Should you sign the Coalition for Marriage Petition?

I’m someone who likes to thrash ideas out in a conversation. It’s in the cut and thrust of a good challenging discussion that I best formulate ideas and opinions. I like to test aloud how something sounds, hold an idea in the midst of the debate and examine it from many angles. The writer of Proverbs says, as iron sharpens iron, so one person sharpens another.

So, blogging can be an unusual way to express opinions for folks like me. Yes, sometimes it can lead to a good conversation in the comments section, but often it hangs in the ether, like a written statement, instead of an invitation to conversation.

With those thoughts in mind, I want to share some of my thinking around the current debate regarding marriage for same-sex couples, and how the church could respond.

My first comment is that I don’t think it is the role of the state to dictate to communities of faith the meaning of a sacrament.  We would be rightfully outraged if the government sought to dictate to the Church how we were to baptise, or conduct communion, or who we were to include in those sacraments. It is simply pushing beyond the boundary of reasonable government interest. It is for communities of faith alone to decide how best to conduct the sacraments they offer, and to whom they may be offered. Any changes must surely come as a result of a process of theological reflection, pastoral insight and long discussion.

My second comment is that perhaps we need to find a new language, and that here is an opportunity to for the church to become a distinctive voice. Perhaps we need to talk about civil marriage and (for want of a better name for now, please suggest one) sacred marriage.  The former would be a contractual agreement, based on love and commitment, for sure, but done by and on behalf of the state. The latter would be the lifelong commitment to exclusive partnership and shared love and commitment, done within the context of an act of worship, and actively seeking the involvement and blessing of God.

 I think, as a pure mater of justice, that if the state is to offer civil marriages, then it ought to offer them to same-sex couples, anything else would be unjust.

Faith communities ought to be free to decide for themselves within their own structures who they would offer marriage services for.

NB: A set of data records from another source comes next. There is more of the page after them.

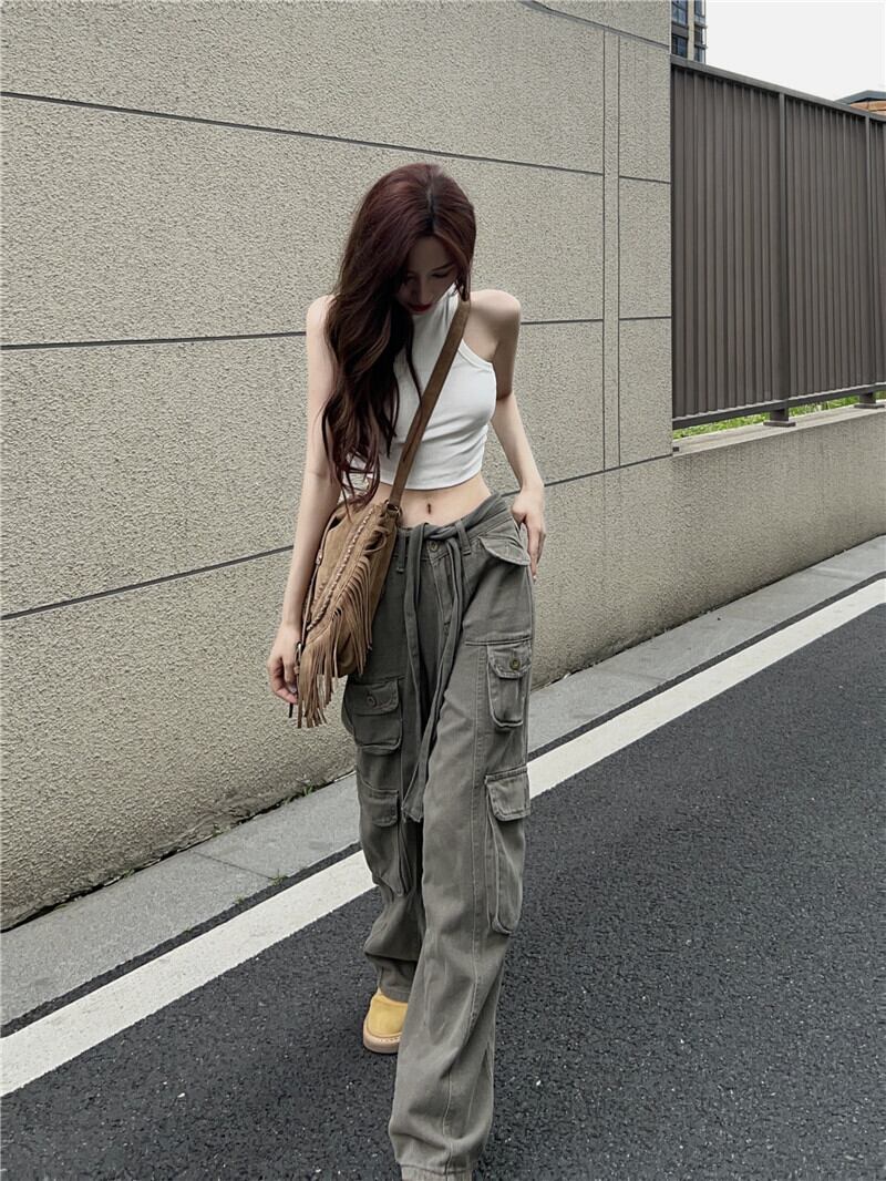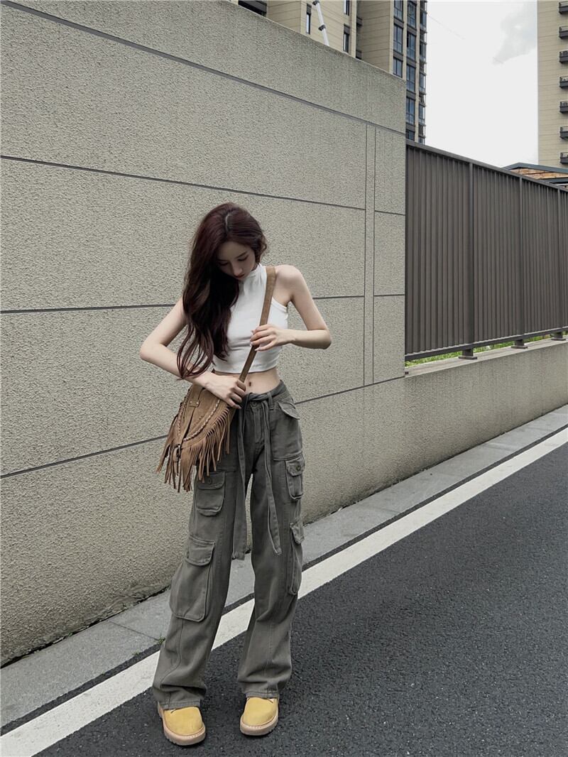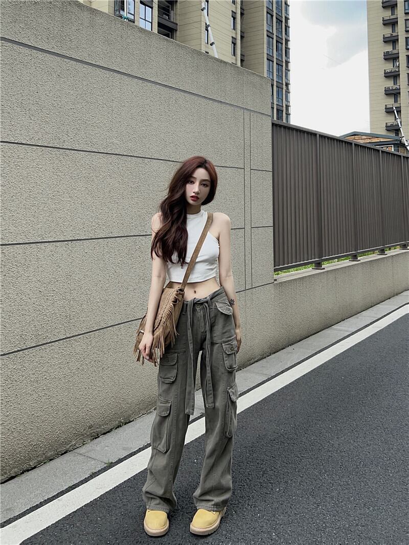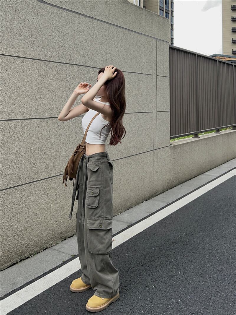 Retro overalls casual pants women's summer 2022 new design sense multi-pocket high waist loose thin wide leg pants trend ハイウェスト レトロ カジュアル サマー 夏物 ワイドレッグ ワイドパンツ ポケット多め マルチポケット 0921924249077806
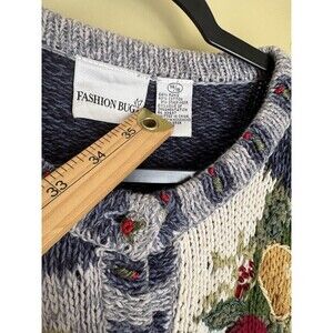 Vntg Fashion Bug Sz 14-16 Santa Hand Knit Christmas Cardigan Ugly Party Grandma
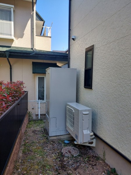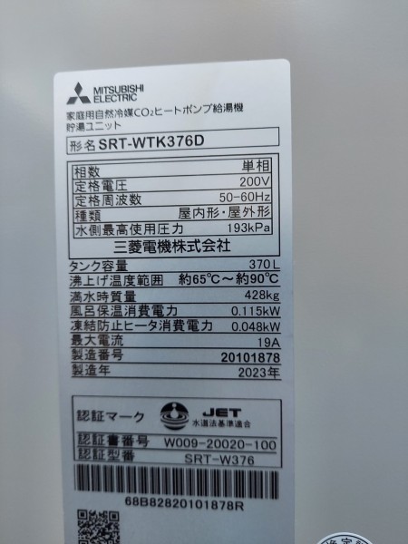 室戸市領家 三菱電機自然冷媒CO2家庭用ヒートポンプ給湯機ヒートポンプユニットSRT-MUK456-A、貯湯ユニットSRT-WTK376D エコキュート交換工事
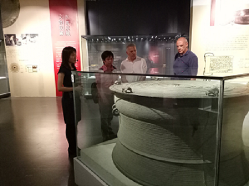 2018年6月9日下午,南宁市友好交往城市——意大利拉斯佩齐亚市市长裴路易吉·贝拉基尼先生、拉斯佩齐亚市文化和旅游局局长保罗·阿斯迪先生一行到我馆参观交流。他们参观了“心仪广西 六十国宝——广西壮族自治区成立60周年文物博物馆事业成果展”、“八音响宴——中国少数民族乐器文化展”、“杨如及捐赠书画作品展”、“红土情韵——卢权智红陶艺术展”等展览。
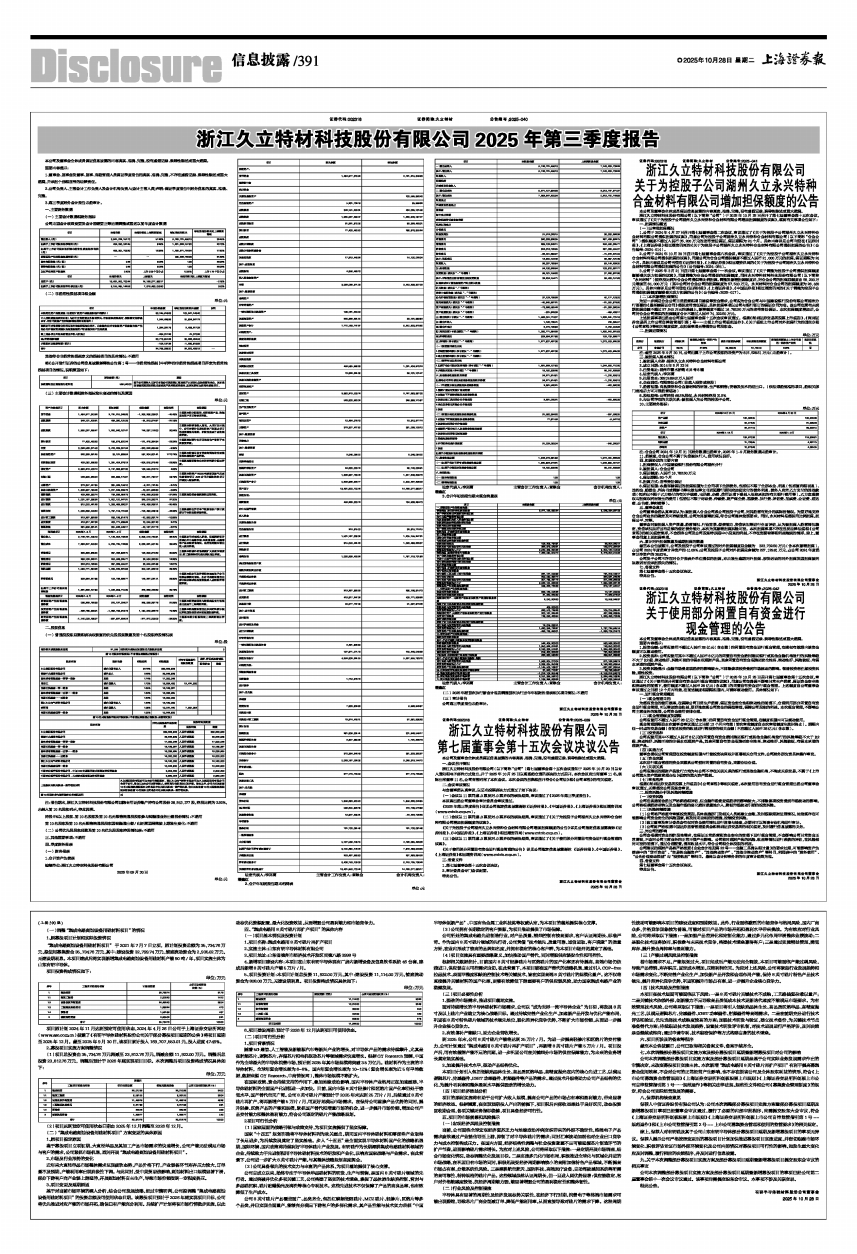 浙江久立特材科技股份有限公司2025年第三季度报告
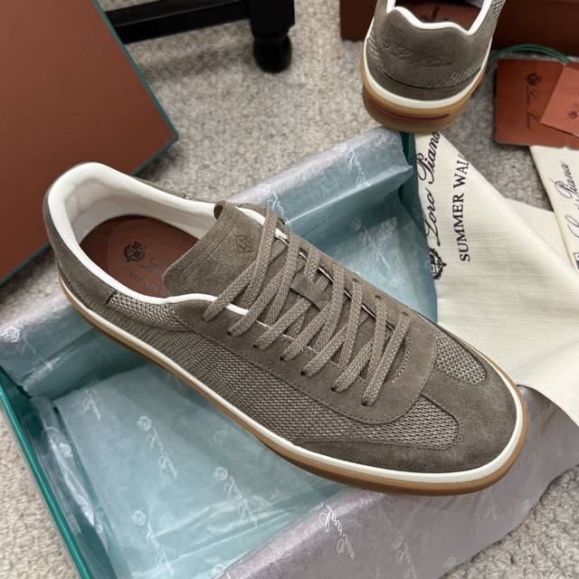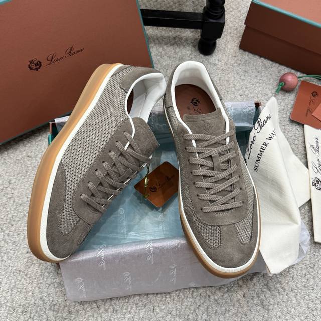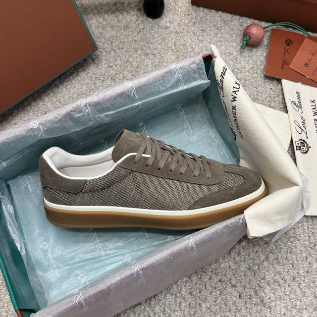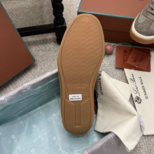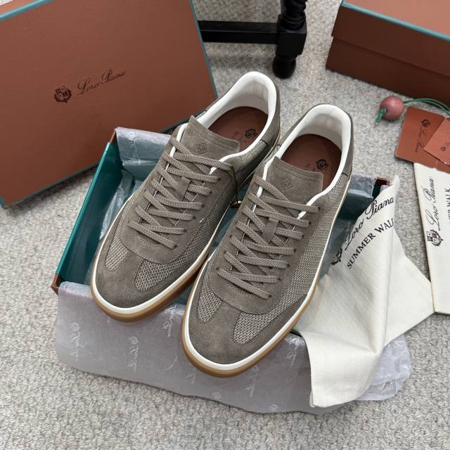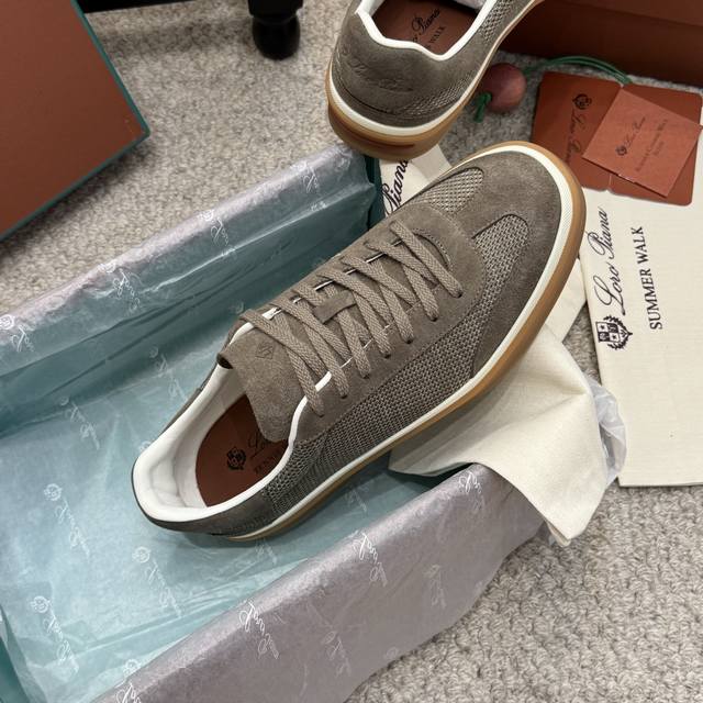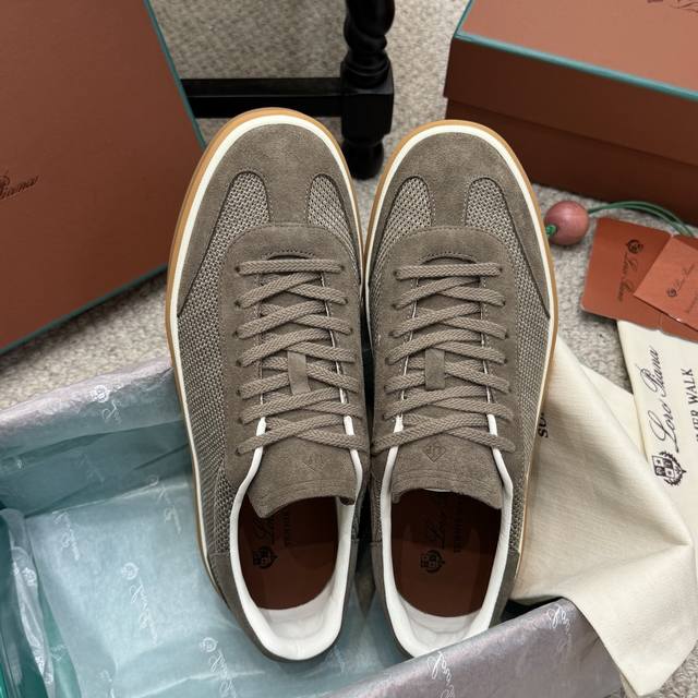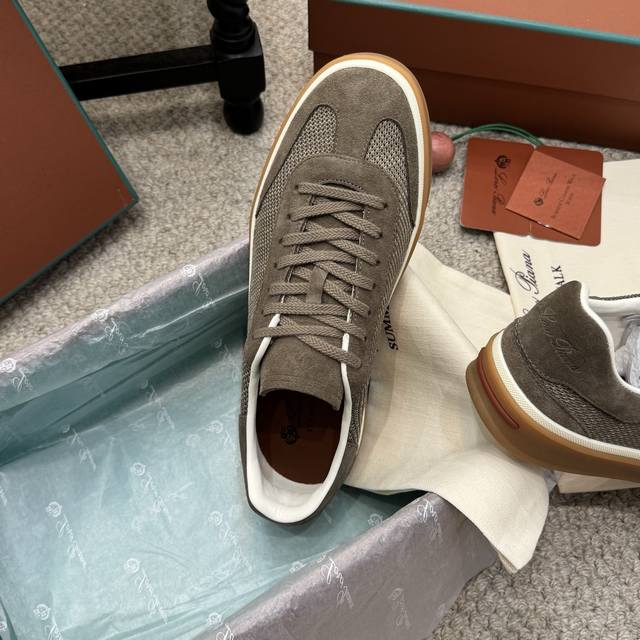 High-quality men's/women's 10-inch Loro Piana Tennis Walk series LP German training shoes, casual sports shoes, sneakers. Original purchase and developed, suitable for year-round wear. The bound-edge sole creates a relaxed and charming color combination, harmoniously blending functionality with a low-key, individualistic style. An ideal footwear choice for urban attire. Features include a soft calfskin tongue with a Kummel-colored inlay at the heel, embossed LP logo, cotton laces, split suede sole, rubber lining, and calfskin. Comes with exquisite boutique packaging. Material: Original custom top-grain suede. Lining: Sheepskin lining. Outsole: Original molded anti-slip rubber material. Sole thickness: 3cm. Size: 35-46, 45-46 custom-made.

So, as much as I dislike some of the commentary around the Coalition for Marriage petition, and certainly agreeing with UKIP and the Sun leaves a bad taste in my mouth (go ahead, call me a liberal lefty), I think we ought to speak against the government’s current suggested ideas of redefining, and perhaps push towards something far more radical, a clear distinction between the sacrament offered by communities of faith, with all the privileges it brings, and the contract provided by the state, with all of its rights.

It’s a bit messy, but it might be a lot more honest.

Comments

serena said…
Just a thought - you make a strong case for civil marriage and the equality thereof, and for the church's idea of the sacrament of marriage to be separate. But you then follow this up by saying you should sign the petition anyway, which seems a bit odd.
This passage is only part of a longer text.